Production of quail (Coturnix japonica) germline chimeras by transfer of Ficoll-enriched spermatogonial stem cells
Introduction
Quail (Coturnix japonica) has been considered as an appropriate model for developmental studies because it is easy to manipulate quail eggs during all developmental stages of embryos [1]. In addition, their small body size, low maintenance cost and short generation period make quail a suitable experimental model organism for transgenic research [[2], [3], [4], [5]]. Particularly, the unique route of germ cell migration through the bloodstream enables exogenous germ cell transplantation in birds [6]. However, unlike mammals, it is difficult to produce transgenic animals by embryo transfer or nuclear transfer methods in avian species because of their oviparous characteristics.
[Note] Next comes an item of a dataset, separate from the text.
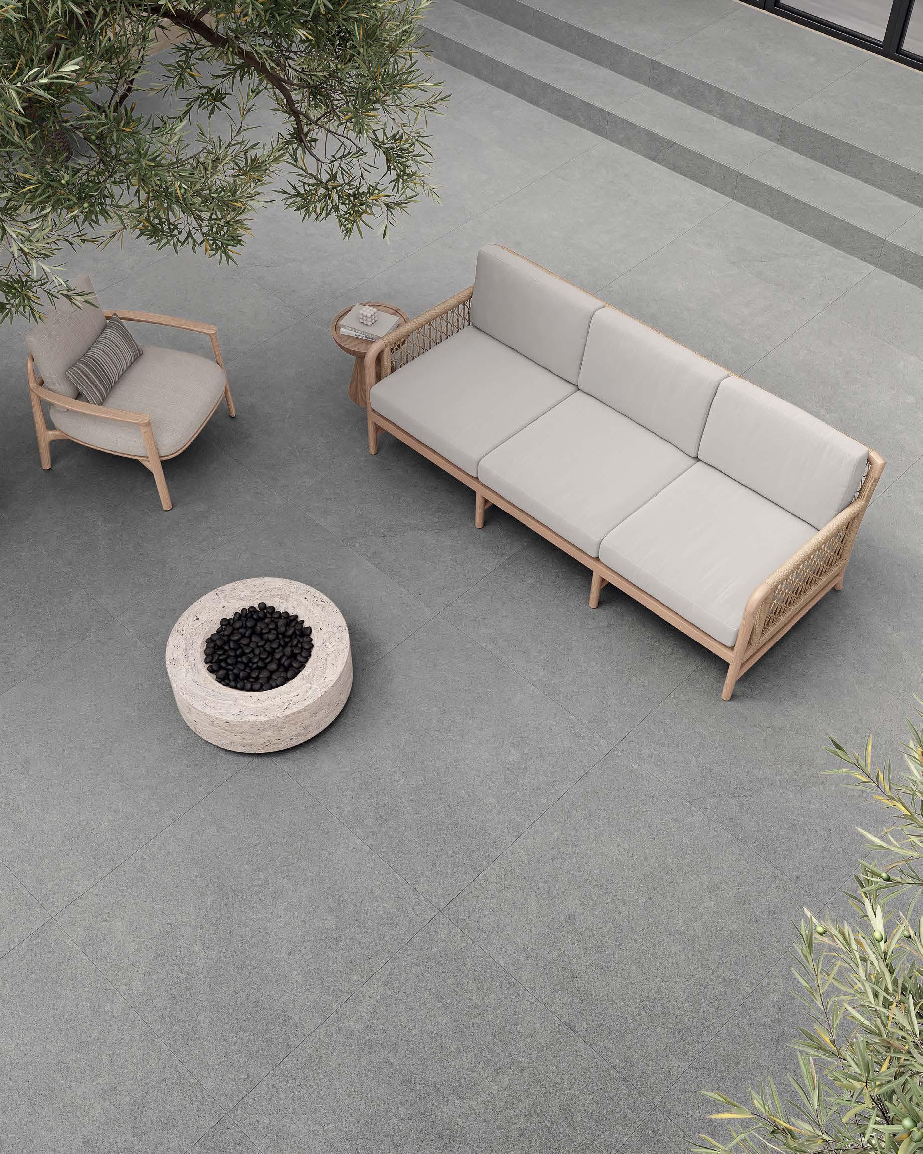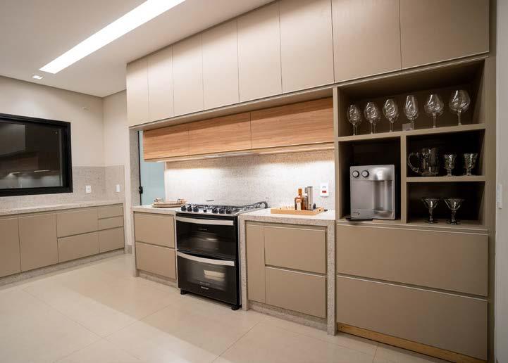 na, com seu acabamento Fiji em tons de verde, 20x20 cm, harmoniza com o paisagismo, sendo que o seu entorno recebeu a pedra atérmica cimentícia, 50x50 cm. A ala gourmet se destaca pelos tons neutros, especialmente com o piso York SGR 87x87 cm, tornando-se o coração da casa, o lugar ideal para receber amigos e familiares. O paisagismo emoldura a edificação com plantas que trazem vida e frescor. Por sua vez, a pérgola converte-se no centro das atenções dos convidados, atraindo olhares e proporcionando um agradável espaço para relaxar e socializar.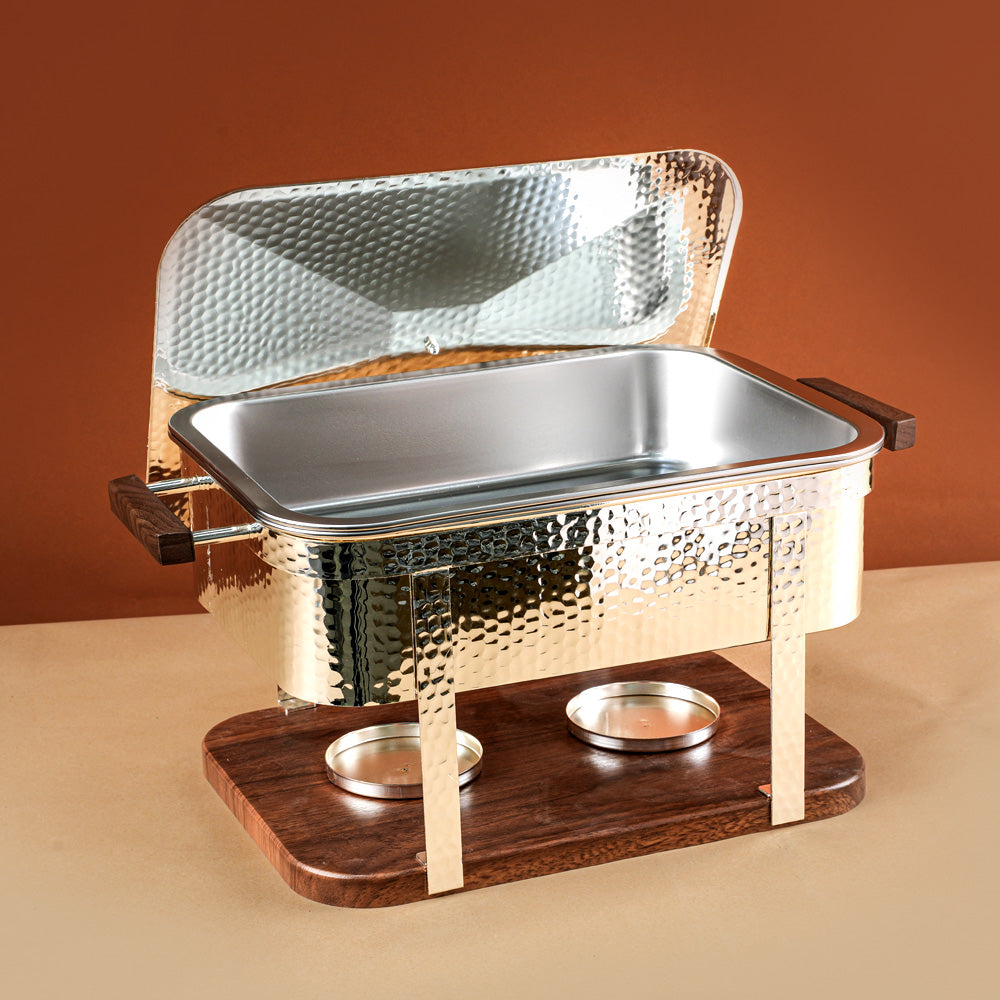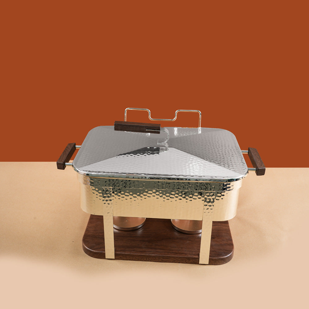 هو سخان طعام بتصميم أنيق يجمع بين المعدن وقاعدة لونها خشبى مزود بمقبض خشبى لسهوله الفتح والاغلاق ويحتوي على موضع مخصص لوضع شمعة أو مصدر حرارة للحفاظ على الطعام دافئًا

Therefore, the use of germline competent stem cells, such as primordial germ cells (PGCs) or spermatogonial stem cells (SSCs), for germline chimera production is regarded as an alternative way to produce transgenic birds [7,8].
To date, several studies have examined germline chimeric quails generated through PGC transfer into recipient embryos [[9], [10], [11]]. The percentage of germline transmission to donor-derived gametes was 1.8–63.0% from noncultured blood PGC (bPGC) [11], 2.2–4.7% from noncultured gonadal PGC (gPGC) [9] and 2.4–2.5% from liquid nitrogen preserved gPGC [12]. In 2008, transgenic quail was produced by transferring gPGC, but the transgenic quail production efficiency was still low (1.9%) [5]. Moreover, the establishment of an in vitro cultivation system of quail gPGC and production of germline chimeric quail by transferring cells was attempted. However, in vitro cultivation of quail gPGC has remained limited because of its survival duration, proliferation rate and germline transmission efficiency [10,13]. Therefore, the development of another way to produce germline chimeric quails is needed for practical transgenic research.
SSCs are germline stem cells from testis and, are also an important source for transgenic research [14]. SSCs have unique characteristics, including self-renewal properties and differentiation ability into mature spermatozoa. Based on these properties, they have been regarded as a useful cell source for transgenic animal production and regenerative therapies for humans [15]. Transplantation of SSCs was first suggested in 1994 and actively studied in mouse and human [16]. In other mammalian species such as sheep and goat, donor-derived progeny were successfully produced by SSC transplantation [17]. However, because of the low proportion of SSCs in adult testis (0.02–0.03% of whole testicular cells in mice), enrichment and purification of SSCs from testicular cells are required for practical applications [18].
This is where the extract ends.